Fitial awaits AGO’s move in Fund’s lawsuit
Gov. Benigno R. Fitial said it is up to the Attorney General’s Office to make the next move with respect to the Superior Court’s decision that found the CNMI government and him liable in the lawsuit filed by the Retirement Fund over the government’s failure to remit the required employer contributions.
“I don’t tell them what to do. They are the legal experts. I rely on their expert advice,” said Fitial in an interview with Saipan Tribune.
The governor said the court should look at the merits of the case “instead of the personalities.”
The decision was a default judgment because the court said the AGO took too long to answer the lawsuit. When asked to comments on this, Fitial replied: “When you commit a sin, you go to confession and you get forgiveness.”

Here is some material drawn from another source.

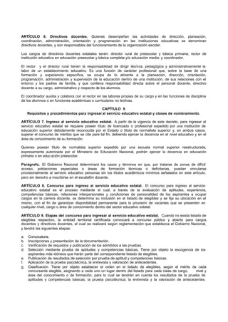 Este decreto establece el Estatuto de Profesionalización Docente en Colombia. Define los requisitos para ser docente, como tener un título de licenciatura o normalista superior. Establece que los docentes deben ingresar mediante un concurso de méritos y tener un periodo de prueba antes de ser inscritos de manera permanente. También crea un escalafón docente que reconoce el mérito y la antigüedad de los maestros.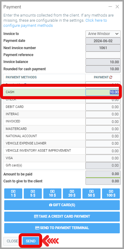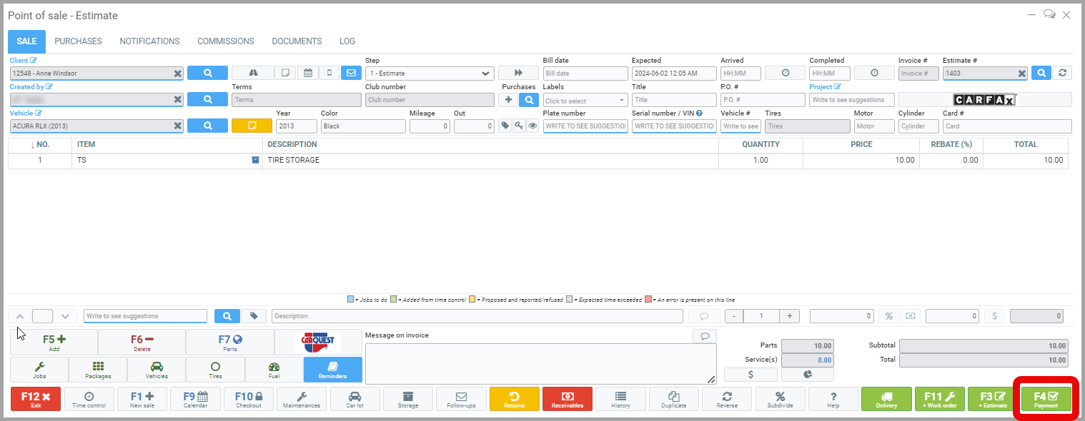 Click on Send. When the payment is made, depending on the system, the tires are stored.

Associate Judge Kenneth Govendo recently granted the Fund’s request for default judgment after the AGO, as counsel for Fitial and the government, waited nearly two years to answer the lawsuit.
Govendo found no adequate reason for the delay and ordered Fitial’s and the government’s answer to the complaint be stricken from the record.
The judge said the matter represents an issue of vital importance that will have far reaching consequences for every family in the Commonwealth.
“For the Commonwealth to say that it was unable to answer a lawsuit potentially worth upwards of $91 million due to the ‘press of other business’ is both absurd and reprehensible,” Govendo said.
He said the sole issue remaining to be determined is the amount of damages owed the Fund.
At the hearing, when asked to explain the delay in answering the complaint, assistant attorney general Anthony Welch reportedly replied: “I messed up. It was me. If you need to sanction someone it should be me. It was my fault.”
The Fund filed the lawsuit against the government, Fitial, Department of Finance, and Finance Secretary Eloy Inos in 2006 over the government’s failure to remit required payments, now reportedly reaching over $119.6 million.